Długo zbierałam się aby napisać post o tej książce, a jeszcze dłużej aby ją przeczytać. Mowa o pozycji absolutnie wyjątkowej, palonej na goebbelsowskim stosie, a mianowicie o "Wstępie do psychoanalizy" Pozycja obowiązkowa dla wszystkich psychologów. Nie mam zamiaru wiązać przyszłości z tą profesją, ale przeczytałam ją z polecenia mojego dobrego znajomego. Nie wiem jak się to dzieje, ale wszystkie książki które mi poleca są genialne, albo genialnie niszczą psychikę. Jak było z dziełem Freuda ? Myślę, że trochę jednego i trochę drugiego.

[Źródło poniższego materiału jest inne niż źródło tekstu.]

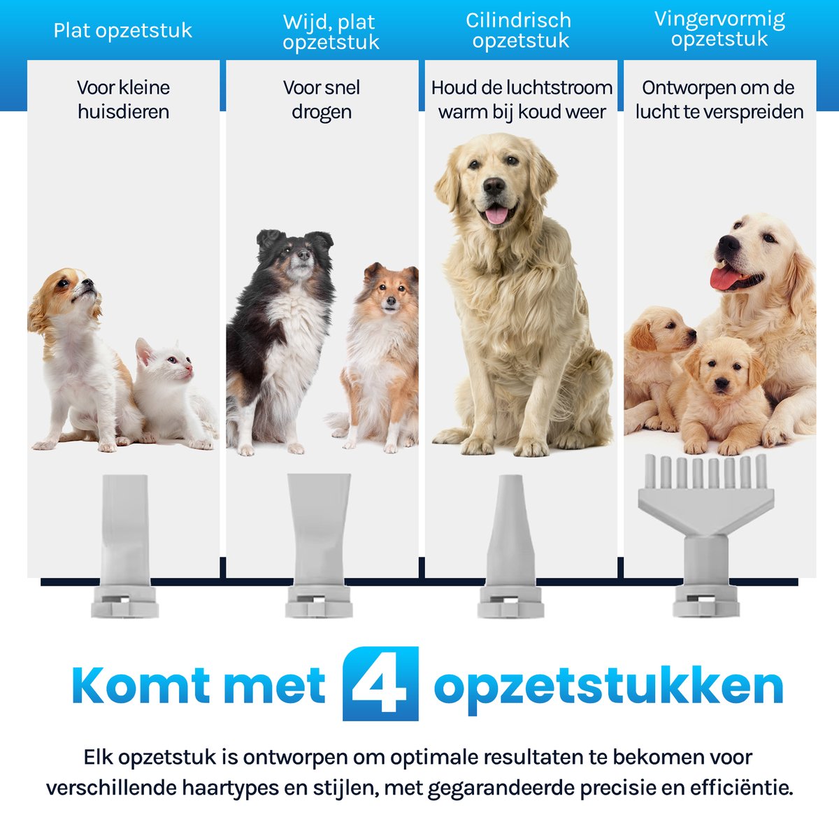 De 4 opzetstukken die bij de Hondenfohn worden geleverd, zijn geschikt voor verschillende doeleinden. Zo kun je de föhn aanpassen aan de vacht van je hond, of deze gebruiken voor het verwijderen van losse haren of het masseren van de huid. De opzetstukken zorgen voor een veelzijdige en effectieve verzorging van je huisdier.

Pisząc o Psychoanalizie najpierw należy przywołać postać Sigmunda Freuda. Psychiatra żyjący w dziewiętnastowiecznym Wiedniu, twórca psychoanalizy, na której opiera się cała współczesna psychologia. Mało kto wie, że chciał zostać prawnikiem, ale przez swoje zamiłowanie do przyrody i dzieło Goethego ''Natura'' {kiedyś przeczytam, na pewno ;)} zmienił swoje zapatrywania. Później studia- medycyna, przeplatane kłopotami związanymi z pochodzeniem. Freud był Żydem, co później propaganda hitlerowska skrzętnie podkreślała paląc jego kolejne dzieła. Po studiach praktyka zawodowa i pisanie kolejnych psychologicznych perełek.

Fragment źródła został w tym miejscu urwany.